These are 3 very small paintings. Last year, I really got into sketching and painting very small landscapes. In spite of their size, they are among my favorite finished paintings. And something about them being together makes them seem like more than they are individually. When I look at them in isolation, they are less than impressive. Pretty blah, as a matter of fact. But I think that they are so much more dynamic, and play off of each other, together. These little paintings like being in community.
I didn't know that until they were completed. Each one, when it was finished was "ok". But when I saw them together, I was amazed, and encouraged to see that something had happened that I didn't plan. The sum was greater than it's parts.
Honestly, left to my own devices, I don't prefer community. I would rather live in my own peculiar brand of "ok-ness" than have to stretch myself, and communicate, and be social. I love solitude. No...I relish it.

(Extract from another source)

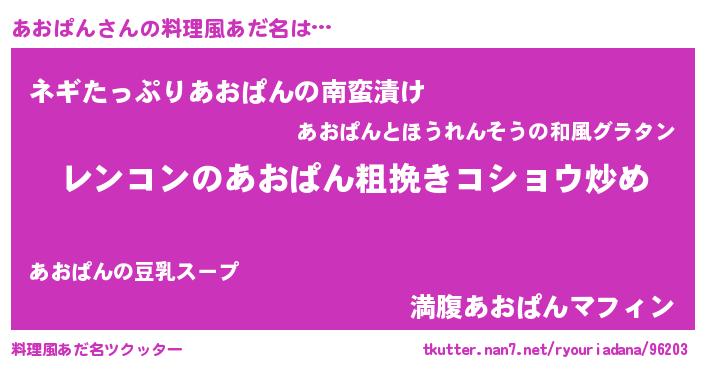| 欧米人風あだ名 | 『ケンブリッジあおぱん』 |

But I know that's not ok(well, maybe sometimes). I know I need to be with others in order to be who I really am. I know that the best of me is drawn out when I am not isolated. And I know that it's my God given responsibility to draw the best out in my family and my friends. This blogging adventure has me questioning so much- do I have the time for this? Isn't this selfish? But now I have 2 bloggy "friends", and we need each other's encouragement to press on with the creative call that God has given us. 3 of us figuring this out together. And that is a good thing.